(Problem to work on): Among the entries below, one stretch runs from the line that contains "Διαδηλώτρια με χέρια" through the line that contains "Duo Doubek –". Repeat that stretch exactly, ends included, and only that.

(Dataset content):
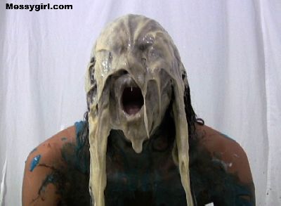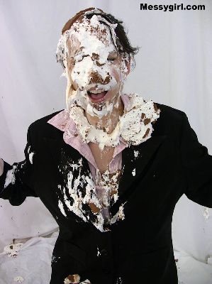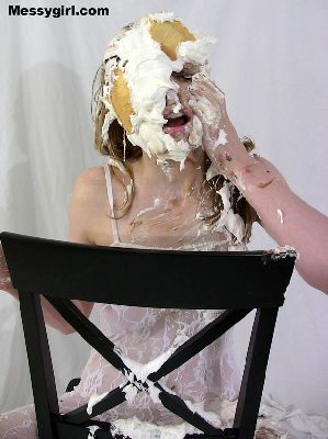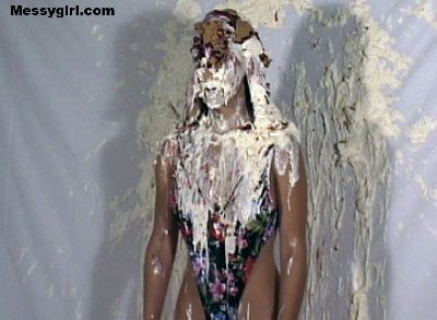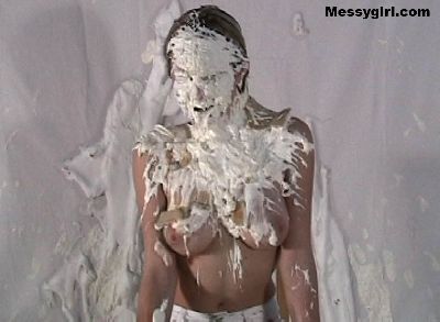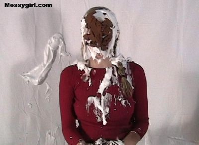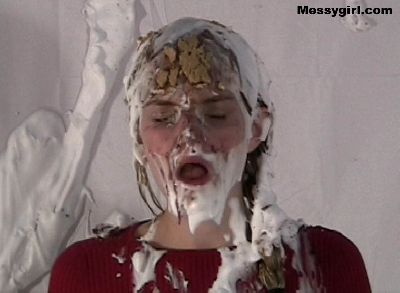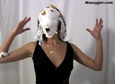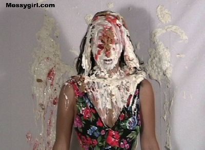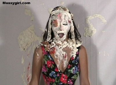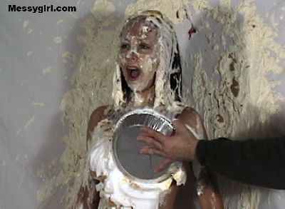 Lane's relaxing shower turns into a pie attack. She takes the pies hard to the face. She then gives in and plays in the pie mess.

---

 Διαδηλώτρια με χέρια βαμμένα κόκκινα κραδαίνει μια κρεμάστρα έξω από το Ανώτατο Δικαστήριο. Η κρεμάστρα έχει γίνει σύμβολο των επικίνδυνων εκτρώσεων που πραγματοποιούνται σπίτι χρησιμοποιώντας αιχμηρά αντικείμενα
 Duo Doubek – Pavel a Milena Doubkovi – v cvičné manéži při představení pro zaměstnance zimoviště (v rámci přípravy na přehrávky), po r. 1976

(The answer):
 Διαδηλώτρια με χέρια βαμμένα κόκκινα κραδαίνει μια κρεμάστρα έξω από το Ανώτατο Δικαστήριο. Η κρεμάστρα έχει γίνει σύμβολο των επικίνδυνων εκτρώσεων που πραγματοποιούνται σπίτι χρησιμοποιώντας αιχμηρά αντικείμενα
 Duo Doubek – Pavel a Milena Doubkovi – v cvičné manéži při představení pro zaměstnance zimoviště (v rámci přípravy na přehrávky), po r. 1976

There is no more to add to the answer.